**Collected data:**

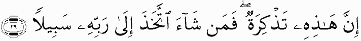 Indeed, this is a reminder, so he who wills may take to his Lord a way.
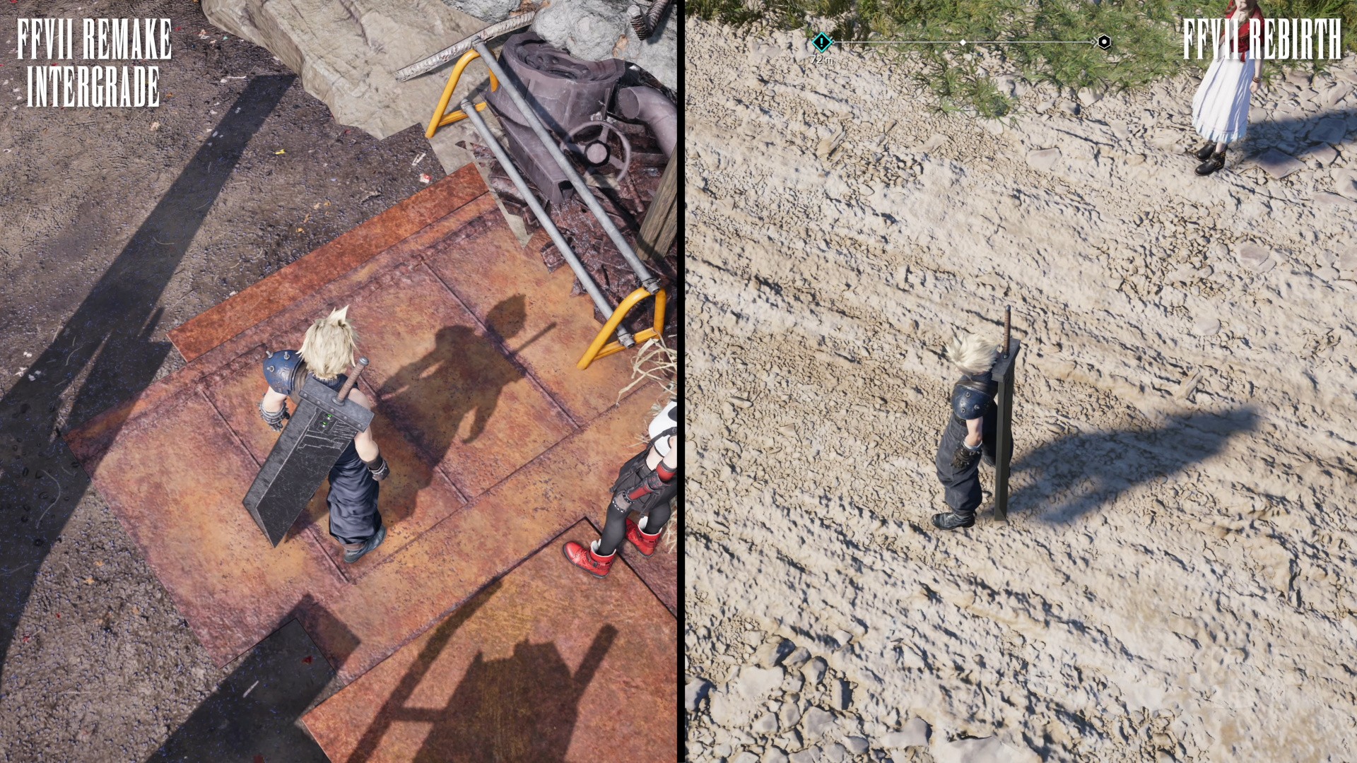 Relative to Remake, there's a big boost in the basic fidelity of these more naturalistic environments. Plus - and perhaps more importantly - Remake doesn't actually have any truly open areas, with the map featuring a more tightly constrained scope. These wide-open gameplay spaces are new for Rebirth. On top of that, distant detail is made of real geometry, unlike Remake, which often resorted to 2D art.
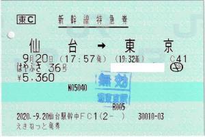 | 一般画面からの投稿(4658) 仙台駅(宮城県/JR東日本) 仙台駅幹中FC1(MV50C) ・ 2020/09/20 新幹線 特急券 列車1(はやぶさ) 東C えきねっと/とれTEL 85mmロール 無効印(東京) |
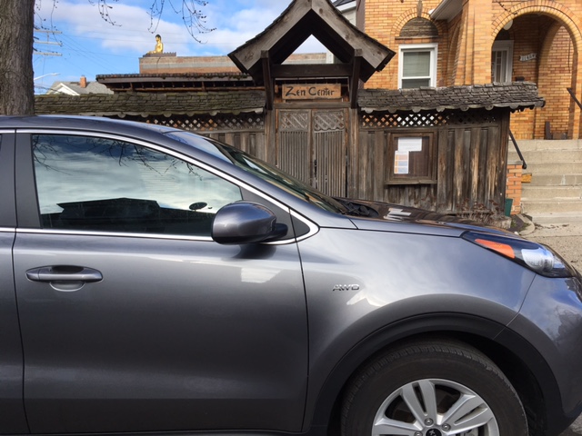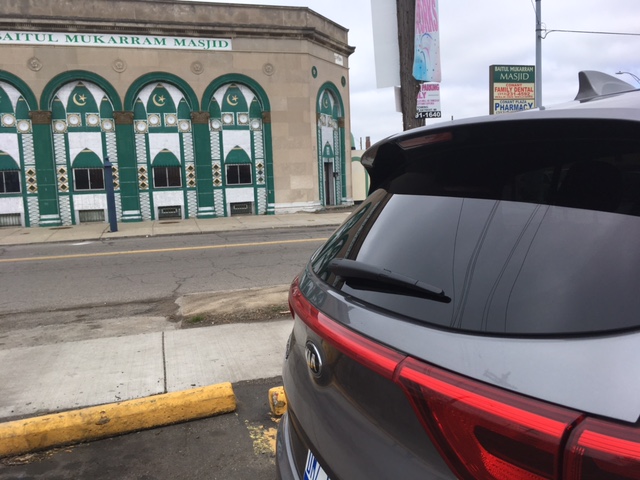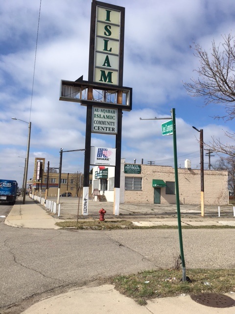 Looking north a ways, I see the used car lot for Woody Pontiac, once one of the largest selling Pontiac dealerships in the Michigan. This sector of street was called Automotive Row. Now there's a historical marker and the sales office is a Mosque serving some of the 20,000 Bangladeshi-Americans in Hamtramck and Detroit. The door is closed, so I decide to visit a Buddhist temple instead.
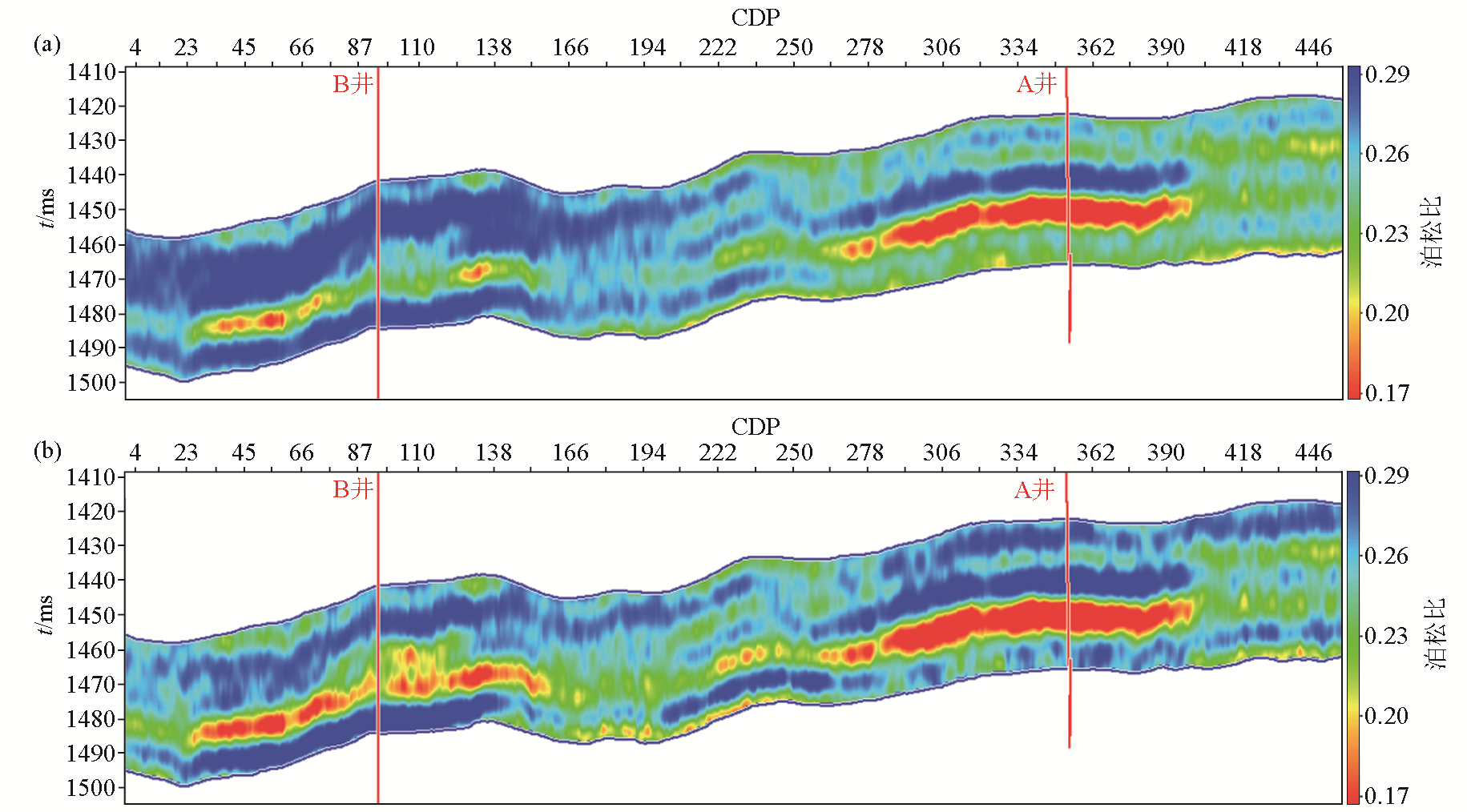 | 图12 使用A井(a)和同时使用A、B井(b)得到的泊松比反演对比 |
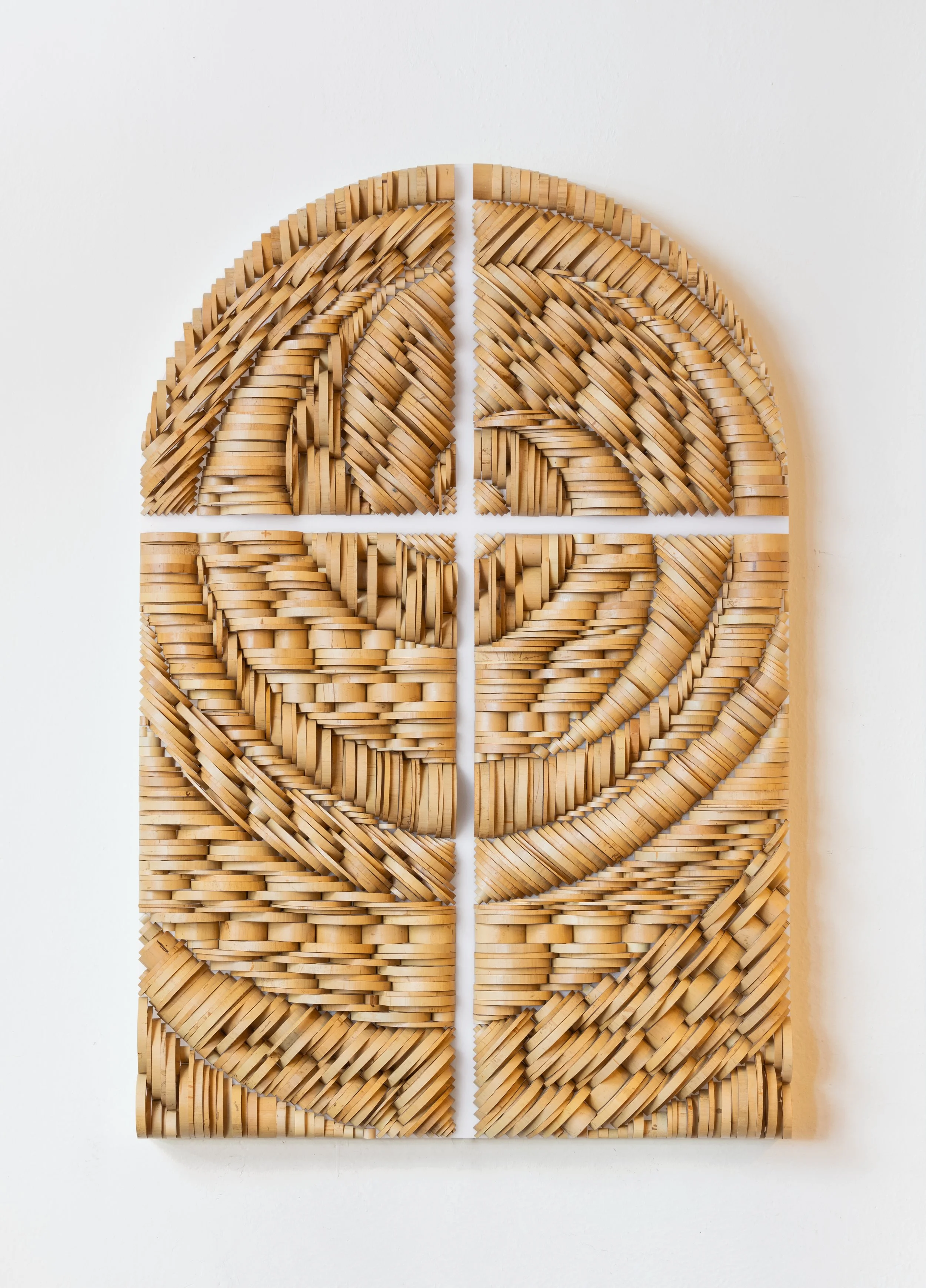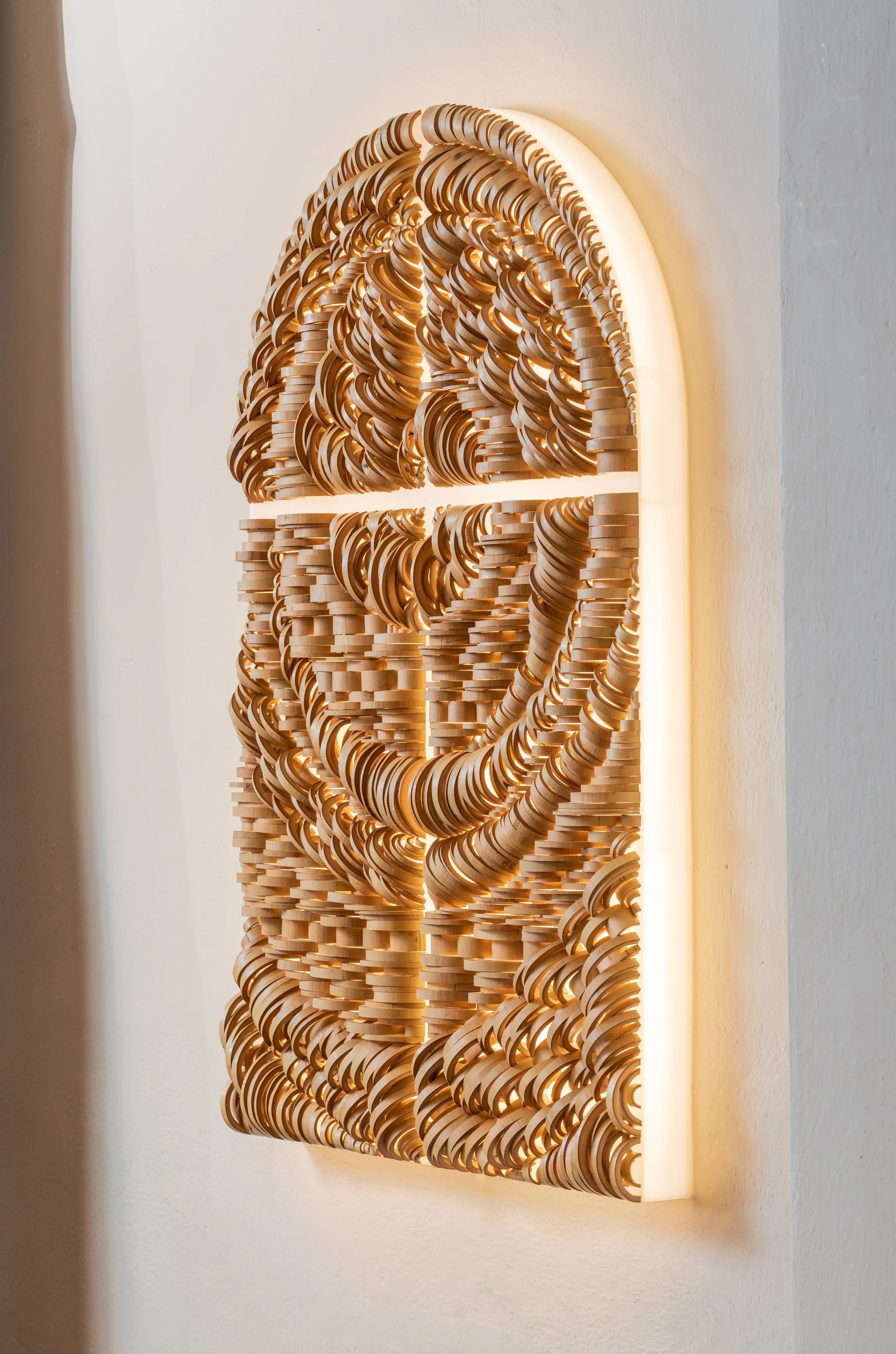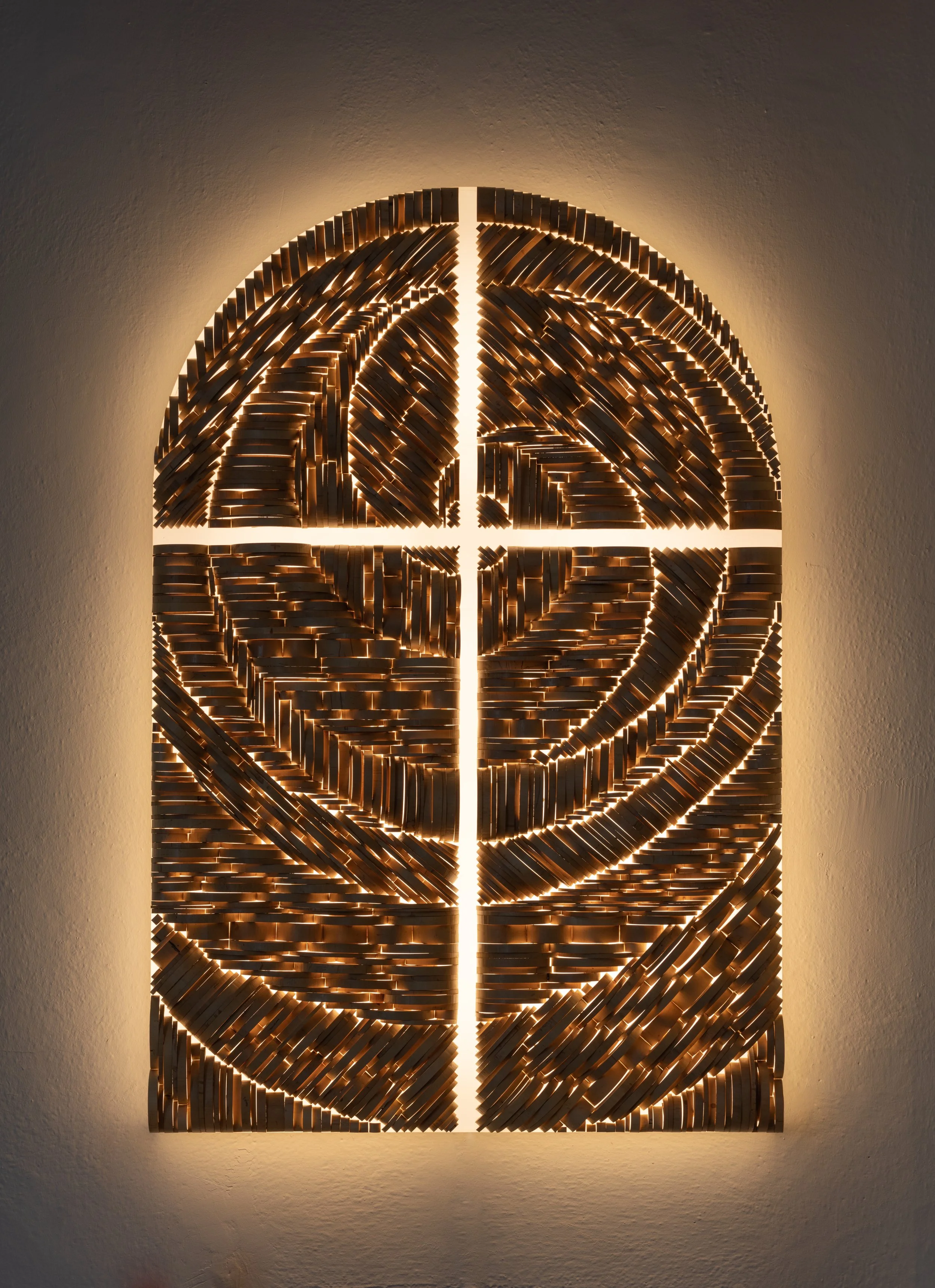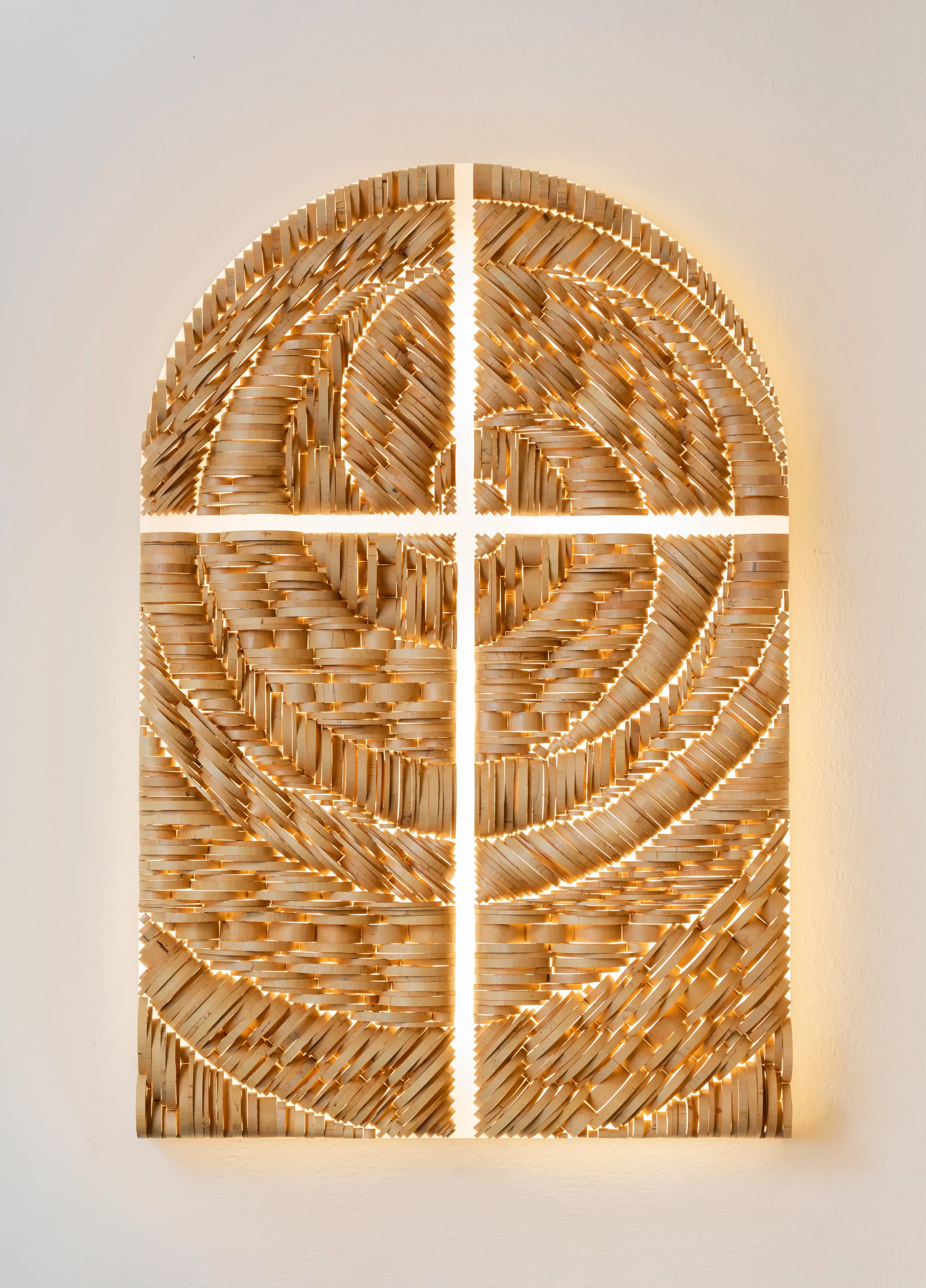 Crosscut bamboo, acrylic, wood, and LED lighting

**WORK TASK:** Write out exactly the lines from the one containing "Looking north a" through the end of the entries, both included. Pictures are not copied.

**OUTPUT FOR THIS EXERCISE:**
 Looking north a ways, I see the used car lot for Woody Pontiac, once one of the largest selling Pontiac dealerships in the Michigan. This sector of street was called Automotive Row. Now there's a historical marker and the sales office is a Mosque serving some of the 20,000 Bangladeshi-Americans in Hamtramck and Detroit. The door is closed, so I decide to visit a Buddhist temple instead.
 | 图12 使用A井(a)和同时使用A、B井(b)得到的泊松比反演对比 |
 Crosscut bamboo, acrylic, wood, and LED lighting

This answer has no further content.